Мальчишка сел на кровати. Одет неважно, но опрятно. Пальто и брюки заштопаны чьей-то заботливой рукой. Просто невероятно: в такой грязи, в нетопленой, холодной комнате с разбитыми стеклами — и вдруг такой парнишка. Разговорились. Витя, так его звали, рассказал, что ему девять лет, учится в третьем классе, а один из обитателей комнаты — его брат Владимир Цыганков.
— Где же твои родители?
Витя опустил голову:
— Маму посадили… Она в магазине продавцом работала… А папа здесь, в Свердловске. Только он тут не живет. Володя его бьет и деньги отбирает. Он и ночует у тети Зои, а то на работе или еще где-нибудь.
— Сам-то как живешь, Витя? — спросил я, чувствуя, как к горлу подступил ком.
Лицо мальчика просветлело.
— Я-то живу у Сережи, он в нашем классе учится.
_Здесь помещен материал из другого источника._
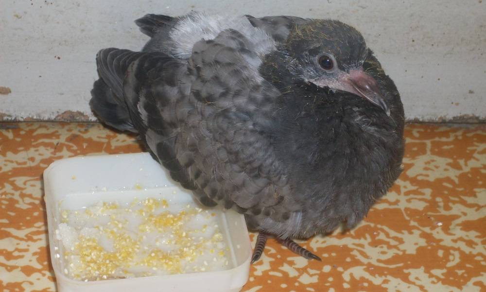 С 2 недель важно обеспечить их водой, чтобы они не страдали от жажды. В целях приучения потомства голубей к клеванию, в 3-4 недели добавляют в питание немного мелких зерновых культур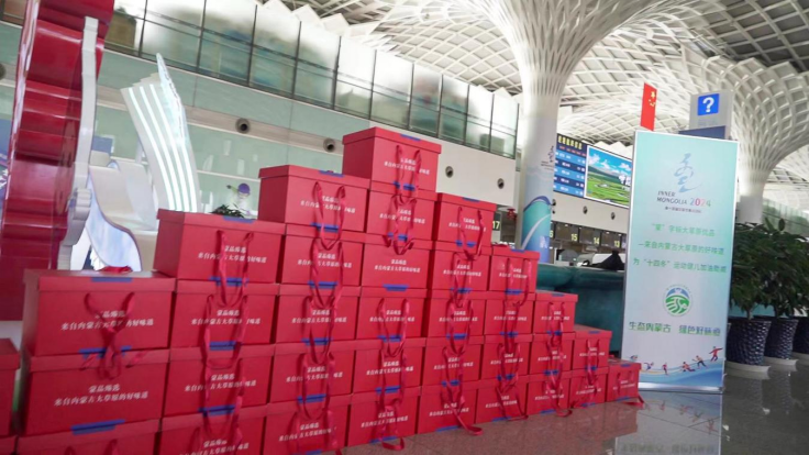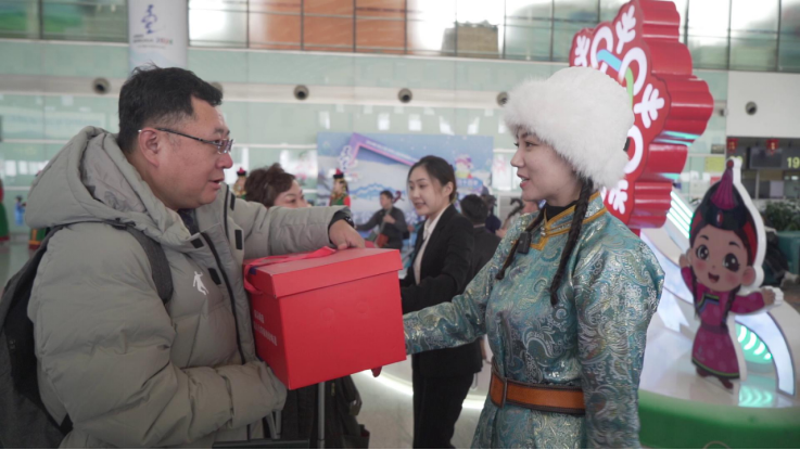 2月16日,参加“十四冬”比赛的各地代表团陆续抵达呼伦贝尔市海拉尔东山国际机场,在“十四冬”筹委会的支持下,自治区农牧厅精心组织了“‘蒙’字标大草原优品助力‘十四冬’迎宾赠礼”主题宣传活动,为各参赛代表团赠送“大草原优品”伴手礼,牛肉干、芥花油、蓝莓、黑木耳等内蒙古特色优质农畜产品均在其中,为运动健儿加油助威!

Его мама меня жалеет. Школьную форму купила. Мы вместе с Сережей занимаемся и в школу ходим. Только Володя не разрешает с ним водиться, бьет, а сегодня учебники и тетрадки порвал: хватит, говорит, учиться.
И, горестно вздохнув, мальчуган вытащил из-за спинки кровати портфель с изорванными тетрадками и книжками. Взгляд его не по-детски серьезных глаз выражал боль и недоумение.
Подошел Валентин. Он обыскал весь дом, но обнаружил лишь две почтовые квитанции, судя по адресу, принадлежащие потерпевшей. Сумки нигде не было.
— Витя! — попросил я мальчика. — Ты нам должен помочь. Скажи, брат ничего не приносил с собой сегодня вечером?
Глаза мальчугана наполнились слезами.
— Я знаю, что вы ищете, — прошептал он. — Сумку они во дворе в уборную бросили.
Когда сумка была найдена, я повез Витю к его другу Сереже.
Дверь квартиры открыла женщина лет сорока, с мягкими, нежными линиями лица и серыми глазами. Увидев Витю, она обняла его.
— Где же ты был? Мы тебя совсем потеряли!
И, бросив настороженный взгляд в мою сторону, спросила:
— Уж не натворил ли ты чего?
Я как мог успокоил Сережину маму, а Витя повторил свой грустный рассказ.
— Да что же мы стоим в коридоре?! — спохватилась женщина. — Проходите.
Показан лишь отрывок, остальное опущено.